Costa Rica offers one of the highest standards of living in Central America, a low cost of living and top-notch healthcare. This has so far attracted nearly 20,000 U.S. expatriates, including many retirees. Although the country is about the size of West Virginia (total population is around 5 million), it offers many modern amenities like high-speed Internet, clean water, and reliable utilities and cell phone service.
You'll also find an excellent arts and culture scene along with amazing natural scenery, great restaurants and friendly locals — all amid a Mediterranean climate. It's recommended that retirees seek a pensionado visa, which requires a minimum income of only $1,000 a month from a qualified source like a pension or Social Security.
The benefits of retiring to Belize rival those of Costa Rica. If you're at least 45 years of age and have $2,000 a month to support yourself, you'll receive several tax exemptions, including real estate, income, imports up to $15,000 and capital gains — in addition to a fast track to residency status. Another plus for American retirees is that the country's laws are based on British common law and English is the official language.
Located about 2 hours south of Houston near Mexico's Yucatan coast and Guatemala, you'll also find miles of sugar white sand beaches, amazing coral reefs and ancient Mayan ruins. Some say it's like retiring to paradise.
The Languedoc-Rousillon region in the South of France is said to be one of the most charming and least expensive places to retire within the country. Medieval-era stone houses are set amid picturesque vineyards with beautiful mountain views, and this region also boasts stunning coastline along the Mediterranean. The pace of life is slower among the quaint villages and towns, and the weather is mild year-round with an average of 300 days of sunshine.
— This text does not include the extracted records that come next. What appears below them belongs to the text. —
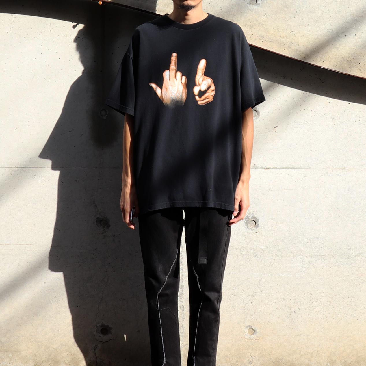 ハンドジェスチャーではこれ以上ない分かりやすさのFUCK YOUグラフィック。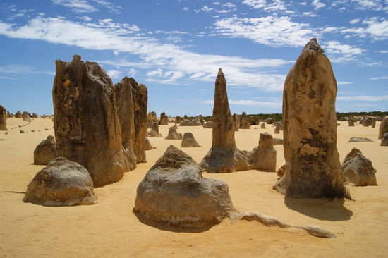 Die quarzsandhaltige Wanderdüne zog jährlich ca. 2,5 m weiter, die frei liegende Kalksteinschicht war der Erosion ausgesetzt, die innerhalb der letzten 20.000 Jahre abgestorbene Vegetation hinterließ Lücken, in die Quarzsand eindrang, der dann wiederum abgetragen wurde. Nur die extrem harten Bereiche der durch viel Wasser zementierten Kalksteinschicht waren von der Erosion nicht betroffen. Diese sehen wir heute als Pinnacles. Gelegentlich zeugen Kappen auf den Säulen noch von der Kruste.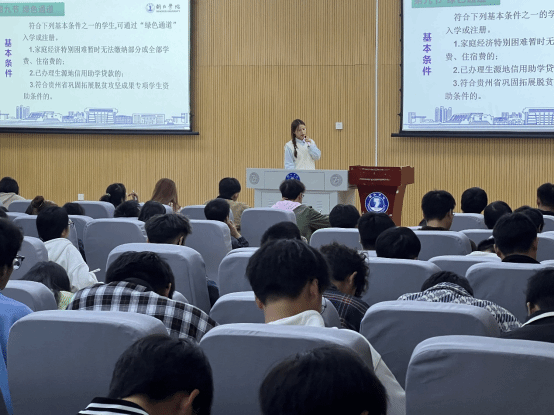 讲座伊始,大数据学院资助宣传大使罗琳幽分别从“奖”“助”“贷”“勤”“补”“免”六个方面详细介绍了家庭经济困难学生认定、国家奖学金、国家励志奖学金、国家助学金、专业奖学金、贵州省巩固拓展脱贫攻坚成果专项学生资助、服兵役高等学校学生国家教育资助、临时困难补助、学费减免、生源地信用助学贷款、勤工助学、绿色通道、省属普通高校基层就业学费补偿国家助学贷款代偿等项目的申请条件、申请流程以及注意事项,她讲到国家和学校资助政策设立的原因和意义在于“不让任何一个学生因家庭经济困难而失学”。她引导同学们要常怀感恩之心,诚信做人,牢记国家的资助、社会的帮助,自强自立,在国家、社会、学校的帮助下努力学习,提高自身综合素养,回报国家,回报社会,成为一个德智体美劳全面发展的社会主义建设者和接班人。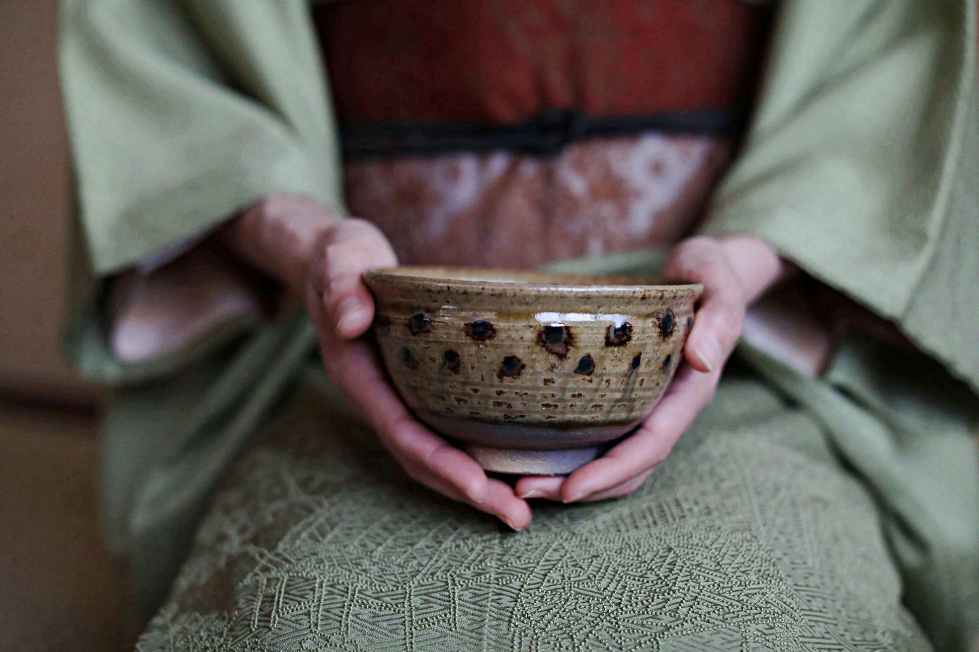 Green tea bowl Japanese vintage CHAWAN KI SETO kiln ware handmade Matcha Cup Tea Ceremony pottery with box signature H2.2×6.3in/5.5×16cm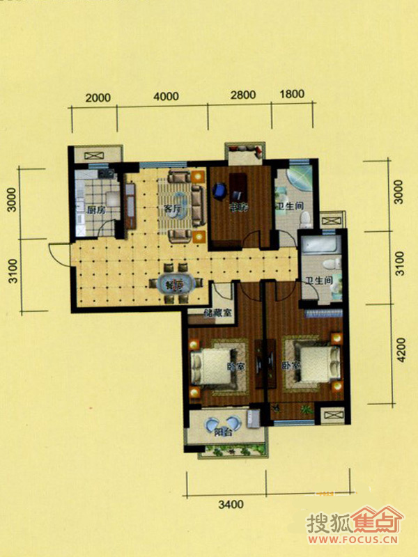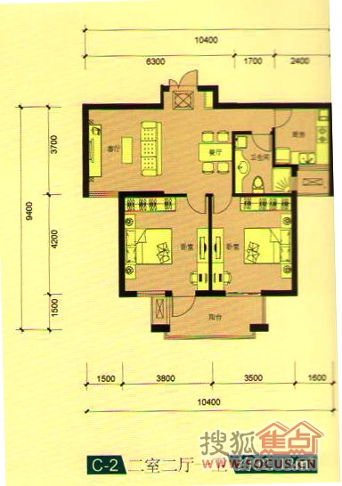 2室2厅1卫-2室2厅1卫92方C-2

You can expect to pay around $160,000 for a single-family home, and less than that for an apartment or condo. France does not offer retirement incentives per se, but the visa application process is fairly simple and straightforward. You will need to prove you have financial means to support yourself, and if you're not going to transition to French health insurance, be sure you're covered there by your current plan. You'll probably want to transition, however, as the French system of health care is rated one of the best in the world.
If you're looking for a more exotic place to retire but still live within your means, Southeast Asia has become more retirement-friendly for Westerners in recent years. Thailand features one of the lowest costs of living in the world and offers a handful of residency status options to choose from. Retirees should seek a non-immigrant O-A or "long-stay" visa. You'll need around $2,000 a month in income. Some areas are more affordable than others — especially if you can learn how to get by like a local — but private health insurance can be pricey.
Thailand is known for a moderate year-round climate, picturesque mountains and lush jungles, beautiful beaches and friendly communities, and English is spoken throughout the country. If you're getting ready for retirement but also looking for adventure or to start a new chapter in your life, consider retiring abroad. You may love it so much that you'll never look back!